Nothing in the video evidence or the trial testimony established an overt act justifying or excusing appellant opening fire across the 7-Eleven parking lot and shooting his gun ten times. As noted above, the record contains no direct evidence showing that the unidentified male threatened appellant at all, let alone with any weapon. In fact, upon noticing the arrival of the red sedan, appellant immediately exited the store, grabbed a gun from the Malibu, and fired it toward the red sedan without hesitation. He did not stop firing even after the other male had retreated into the red sedan.
A defendant may not claim he had a right to arm himself for self-protection when he obtained a gun before he had a reasonable belief another person intended to injure or harm him.
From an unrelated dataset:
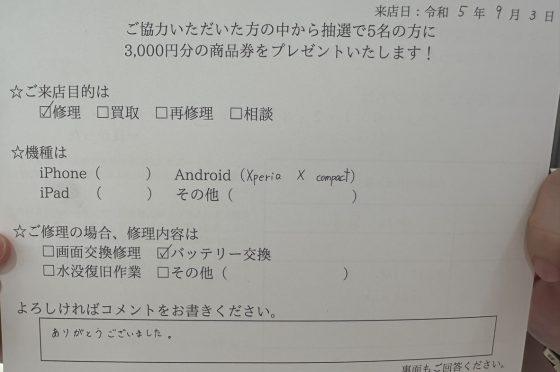 【お客様の声】Xperia X Compact のバッテリー交換をさせていただきました!

See Jordan v. Commonwealth, 219 Va. 852, 855-56 (1979) ("[a] man cannot go a-gunning for an adversary" and then claim he acted in self-defense (quoting Sims v. Commonwealth, 134 Va. 736, 760 (1922))). Accordingly, a reasonable finder of fact could conclude that appellant neither retrieved nor fired his gun in self-defense and that he was instead guilty of malicious wounding and maliciously shooting at an occupied vehicle.
CONCLUSION
For the foregoing reasons, this Court affirms the trial court's judgment.
Affirmed.
[*] This opinion is not designated for publication. See Code § 17.1-413(A).